LRD guides and handbook May 2013

Law at Work 2013

Chapter 12

Transfer of an economic entity that retains its identity

The first type of transfer is a transfer of an economic entity which retains its identity (regulation 3(1)(a) of TUPE). An “economic entity” is defined in the regulations as “an organised grouping of resources which has the objective of pursuing an economic activity, whether or not that activity is central or ancillary” (regulation 3(2)).

This kind of transfer is sometimes referred to as a transfer of a business as a going concern. In essence, tribunals are asked to consider whether, looking at all the facts, what is being transferred is a distinct business, capable of continuing to function as a going concern, or alternatively just a collection of assets.

The economic entity does not have to exist separately before the transfer, instead it can emerge as a result of the transfer (Fairhurst Ward Abbotts Limited v Botes Building Limited [2004] IRLR 304).

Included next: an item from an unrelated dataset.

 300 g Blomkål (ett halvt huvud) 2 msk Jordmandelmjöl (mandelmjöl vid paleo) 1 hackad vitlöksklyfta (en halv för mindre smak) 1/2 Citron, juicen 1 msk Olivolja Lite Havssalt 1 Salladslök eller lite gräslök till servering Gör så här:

And integration of the sold business into the buyer’s business will not stop TUPE applying, as long as the link is maintained between the workers and materials and their economic activity before the transfer (Klarenberg v Ferrotron Technologies GmbH [2009] IRLR 301).

Tribunals look at many different factors to decide whether there has been a transfer of an economic entity which retains its identity including, for example:

• What kind of business is being transferred

• what assets are being are transferred and whether the transfer includes goodwill, equipment or premises;

• whether the majority of the employees are being taken on by the new business, and if not, why not;

• whether customers are transferring to the new business;

• similarities and differences between the activities of the new business and the old business;

• any break during which activities are suspended, the reason for and length of that break.

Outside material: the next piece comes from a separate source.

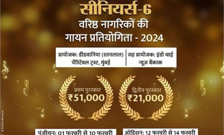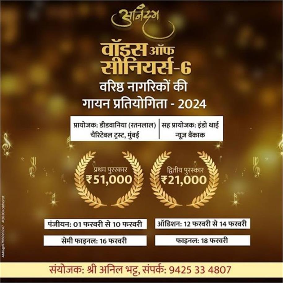 मध्य प्रदेश के इंदौर स्थित आनन्दम सीनियर सिटीज़न सेंटर (आनन्दम) वरिष्ठ नागरिकों की गायन प्रतियोगिता के छठे संस्करण, वॉइस ऑफ सीनियर्स-6 का आयोजन करने जा रहा है। प्रतियोगिता का हिस्सा बनने के लिए रजिस्ट्रेशन प्रक्रिया की शुरुआत 1 फरवरी 2024 से हो रही है, जबकि इसकी अंतिम तारीख 10 फरवरी तय की गई है। पूरी तरह निःशुल्क इस ऑनलाइन रजिस्ट्रेशन के लिए इच्छुक व योग्य प्रतिभागी https://forms.gle/UL6JpipXU1Tnp1Eu8 लिंक के माध्यम से अपना रजिस्ट्रेशन करा सकते हैं। प्रतियोगिता में अपने हुनर से सुरों का समां बाँधने वाले प्रथम विजेता को 51000 रुपए तथा द्वितीय विजेता को 21000 रुपए के नकद पुरस्कार से सम्मानित किया जाएगा।

In each case, the tribunal should examine the motivation of the transferor/seller, to understand why particular assets are not being transferred or why staff are not being taken on. If, for example, all the staff are sacked before the transfer because the buyer refuses to take on the seller’s workforce, or because the seller wants to achieve a better price for the business as a going concern, TUPE should apply and liability for the dismissals should pass to the transferee/purchaser.

The leading cases establishing this test were Suzen v Zehnacker Gebaudereinigung GmbH Krankenhausservice C-13/95 [1997] IRLR 255 (“Suzen”) and Spikjers v Gebroeders Benedik Abbatoir [1986] ECR 1119 {“Spikjers”).